Non servono preamboli né note introduttive: appena qualche giorno fa si sono tenute in Israele
le finali di un concorso volto all’individuazione di Miss Olocausto. Ultrasettantenni da tutto il paese sono accorse per parteciparvi.
Perplessità.
Astuto ricatto etico e logico che ti lascia perplessa, incapace di dare un qualsiasi giudizio che, per lo meno sul momento, ti sembri adeguato.
Basta un istante per cadere nella retorica, nella “faciloneria”, nel pericoloso moralismo da bar dello sport. Un istante, un confine sottilissimo a dividere te da quello che la tua mente potrebbe o dovrebbe pensare.
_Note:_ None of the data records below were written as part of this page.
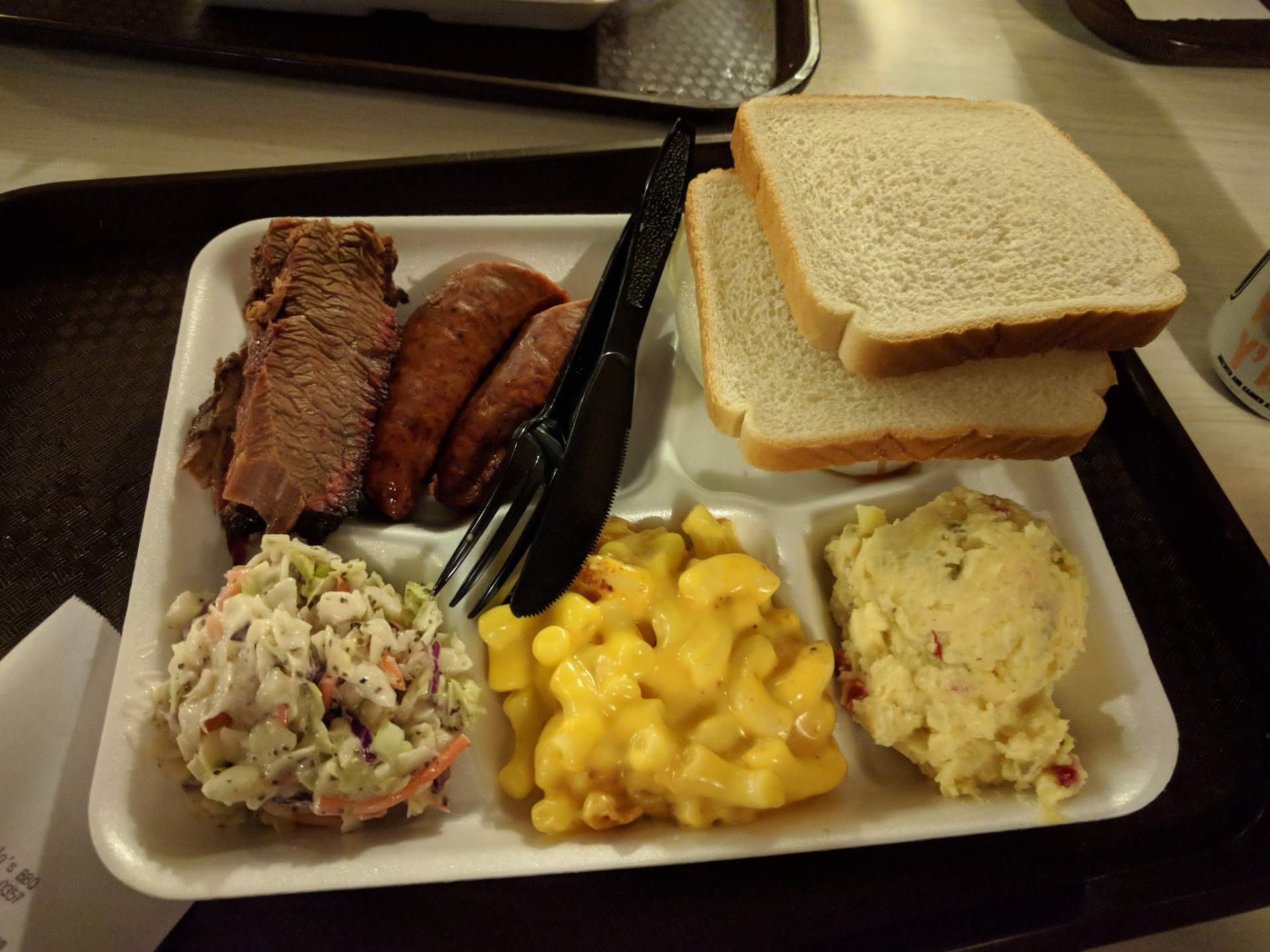 The sauce does exactly what sauce is supposed to do, it elevates the meal. I have had plenty of 4 star BBQ that wound up as 3 star BBQ as a result of sauce. The sauce is given to you in a small styrofoam cup separate from your barbecue, it is worth it's designation of precious cargo, as if it is some medical grade flavor to empower your meats to leap over tall buildings in a single bound. Once the smoky and spiced sauce reaches your palette you will find yourself furiously dipping and making bread, onion sausage bites and trying a multitude of combinations. The sauce takes this barbecue into the stratosphere and will have you up there for quite some time after.
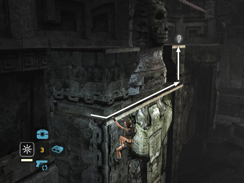 Climb around the corner to the right. Jump to grab the ledge above. Jump again to pull up.
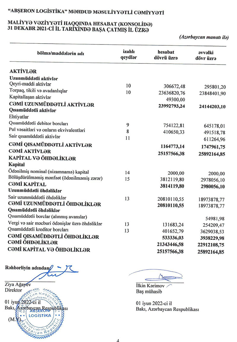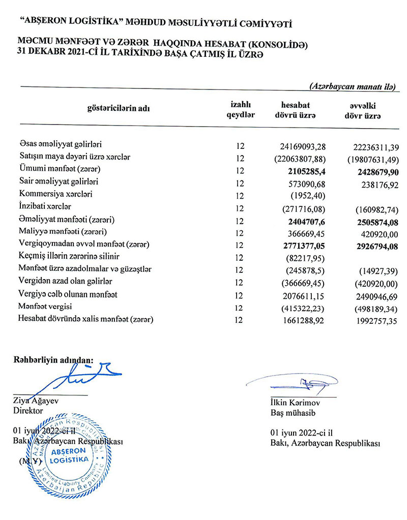"Abşeron Logistika" MMC 2021-ci ili 1 milyon 661 min manat xalis mənfəət ilə başa vurub. Şirkət 2020-ci ili 1 milyon 993 min manat xalis mənfəət ilə bağlamışdı.
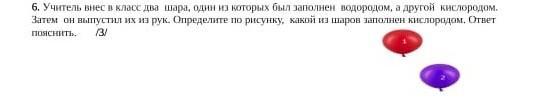 Красный шарик-заполнен водородом, потому-что водород легче воздуха, а фиолетовый шарик заполнен кислородом.
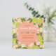 Définissez le ton de votre célébration spéciale avec cette charmante invitation mettant en vedette des citrons frais et des fleurs délicates dans des tons de corail et de vert. Les détails botaniques dessinés à la main créent un cadre parfait pour les détails de votre événement personnalisé, apportant une touche d'élégance fraîche au jardin à votre correspondance de fête.
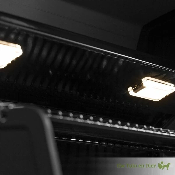 Dankzij de verlichte grillkamer wordt de gehele kookruimte verlicht. Zo blijft barbecueën zelfs op een laat uur comfortabel.
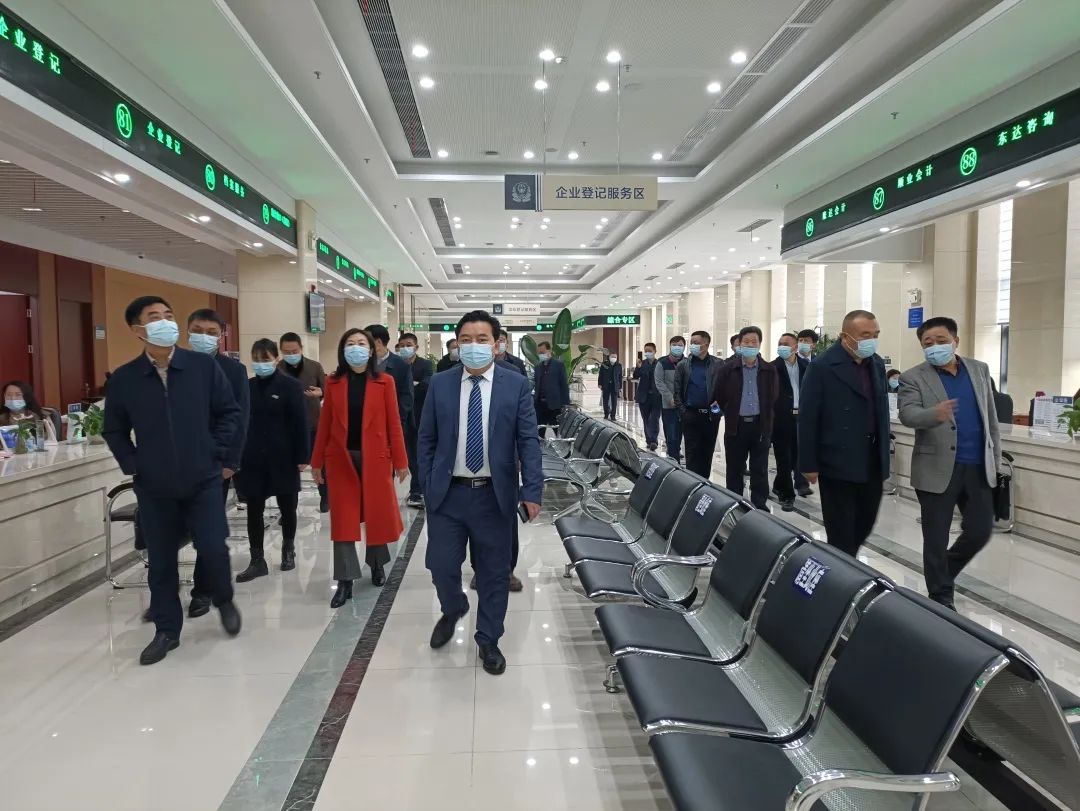 异地商会一行参观了区便民服务中心、区营商办、新发地项目现场、城市中央广场、金卉庄园和保丽新厂。

Allora ti arrampichi all’empirico: cominci a guardare le foto di quelle belle vecchiette che hanno condiviso un’esperienza tra le più assurde che il mondo possa ricordare; che sono state tutte umiliate ed uccise, anche se sembrano ancora in vita.
Donne rinate, donne che hanno avuto soprattutto la forza di andare avanti, di respirare ancora, quando il solo pensare all’accaduto toglierebbe il respiro a chiunque. Donne che non hanno rinunciato alla bellezza, perché lo sanno, che solo questa potrà davvero salvare il mondo.
E allora quasi ti convinci.
Quasi.
Perché una donna che ha sofferto non dovrebbe avere il diritto alla frivolezza? Perché non può giocare, se ancora conosce il segreto del gioco?
Ma poi ti fermi e senti tutti gli argomenti affollarsi nella tua mente, tocchi la complessità senza vederla chiaramente.
Perché il diritto di ogni donna, come di ogni essere vivente, inteso come individuo singolo è fuori discussione.
E’ la categoria che lascia perplessi; è l’incapacità di non essere altro che una sopravvissuta, di presentarsi, per lo meno in quella sede, sempre e solo per quello che è stato subito.
E’ l’emancipazione mozzata.
Retorica da un lato e moralismo dall’altro.
In tutta onestà, non riesco a formulare un giudizio.
Non lo so se è stata una bella idea o soltanto una macabra reinterpretazione kitsch in chiave contemporanea di qualcosa che, invece, andrebbe maneggiato con molta più cura.
Non lo so.
Io, leggendo, il bello non l’ho incontrato, ma forse loro sì.